На трапе он постоял, послушал. Слов не было слышно, и не для этого он остановился тут. Просто приятно было послушать эти свежие, молодые, горячие голоса, эту шумную, разную и такую и общем дружную семью.
Потом лег на привычный и удобный кожаный диванчик в каюте, вздохнул и взял с полки, не поднимаясь и не меняя позы, первую попавшуюся книжку. Книжка называлась «Миноносцы». Он недавно прочитал ее всю и теперь, думая о посторонних вещах, рассеянно стал перелистывать страницу за страницей. «Да, — думал он, — это корабль. Это настоящий корабль. Вот командовать бы таким кораблем».
Но очень скоро от этих мыслей ему стало неловко перед самим собой, он отложил книгу и сел за стол — читать и подписывать бумаги, которые наготовил ему Чижов за вчерашний день.
6. В ПОХОДЕ
В дверь постучали.
Ладынин крикнул: «Войдите!» — и с удовольствием взглянул на Мордвинова — в его широкое, твердое и спокойное лицо.

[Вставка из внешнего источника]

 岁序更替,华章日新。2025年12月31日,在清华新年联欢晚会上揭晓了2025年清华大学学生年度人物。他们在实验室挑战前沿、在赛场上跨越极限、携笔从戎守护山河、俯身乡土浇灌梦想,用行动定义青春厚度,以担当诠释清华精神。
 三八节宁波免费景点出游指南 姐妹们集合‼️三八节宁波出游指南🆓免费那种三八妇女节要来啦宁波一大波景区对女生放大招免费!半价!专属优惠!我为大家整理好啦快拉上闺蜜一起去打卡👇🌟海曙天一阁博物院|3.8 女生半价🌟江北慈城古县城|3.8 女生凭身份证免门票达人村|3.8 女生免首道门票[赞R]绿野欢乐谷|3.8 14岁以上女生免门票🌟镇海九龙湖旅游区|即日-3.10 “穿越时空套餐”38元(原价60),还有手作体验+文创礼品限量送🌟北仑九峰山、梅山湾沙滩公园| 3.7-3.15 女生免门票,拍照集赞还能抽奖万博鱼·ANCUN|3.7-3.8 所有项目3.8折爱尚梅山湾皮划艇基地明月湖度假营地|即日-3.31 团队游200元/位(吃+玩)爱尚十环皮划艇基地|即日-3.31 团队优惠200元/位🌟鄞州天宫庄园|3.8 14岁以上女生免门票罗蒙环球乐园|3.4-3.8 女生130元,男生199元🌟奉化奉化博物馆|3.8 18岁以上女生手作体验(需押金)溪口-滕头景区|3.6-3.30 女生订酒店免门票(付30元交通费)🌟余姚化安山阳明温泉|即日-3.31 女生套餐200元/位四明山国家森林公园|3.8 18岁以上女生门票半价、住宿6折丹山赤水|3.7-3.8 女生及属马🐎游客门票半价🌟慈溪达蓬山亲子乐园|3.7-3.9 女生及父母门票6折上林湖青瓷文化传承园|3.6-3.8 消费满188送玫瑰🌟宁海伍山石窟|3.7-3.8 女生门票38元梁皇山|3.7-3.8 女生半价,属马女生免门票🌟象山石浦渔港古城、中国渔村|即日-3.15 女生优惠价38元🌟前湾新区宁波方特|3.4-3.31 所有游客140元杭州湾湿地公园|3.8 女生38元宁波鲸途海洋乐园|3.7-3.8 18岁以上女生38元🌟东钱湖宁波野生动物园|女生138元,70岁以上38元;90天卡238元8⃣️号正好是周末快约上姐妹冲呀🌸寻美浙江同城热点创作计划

— Краснофлотец Мордвинов явился по вашему приказанию! — Он сказал эти привычные уставные слова негромко, с чувством собственного достоинства, спокойно.
— Садитесь, Мордвинов.
Краснофлотец сел. Под тяжелым его телом стул сразу же затрещал, и Мордвинов приподнялся, чтобы сесть поосторожнее.
Ладынин заговорил. Немного наклонив голову, он подбирал такие слова, чтобы не обидеть сыновнее чувство краснофлотца и вместе с тем чтобы дать ему почувствовать всю несообразность поведения отца.
Мордвинов слушал молча, разминая в больших пальцах папиросу, которой его угостил командир. Несколько раз он кашлянул, потом вдруг спросил:
— Что ж он там, совсем с ума сошел, что ли?
Большое лицо его порозовело, в глазах появился суровый, жесткий блеск.
— Не знаю, — сказал Ладынин. Потом добавил, с трудом подыскивая слова (ему всегда нелегко было разговаривать, особенно в таких сложных случаях, но он принуждал себя к разговорам и разговаривал с людьми даже тогда, когда за него это мог сделать тот же Чижов или кто-нибудь другой). — Не знаю, — повторил Ладынин, — но думаю, что вам, Мордвинов, следует написать вашему старику письмо. В тяжелое военное время нельзя позволять человеку, чтобы он думал, будто все люди друг другу волки. В такое время иначе надо жить, Мордвинов, хорошо надобно жить с людьми, рука об руку, рядом. А то что ж получается? Какой вывод для себя можно сделать после такой истории?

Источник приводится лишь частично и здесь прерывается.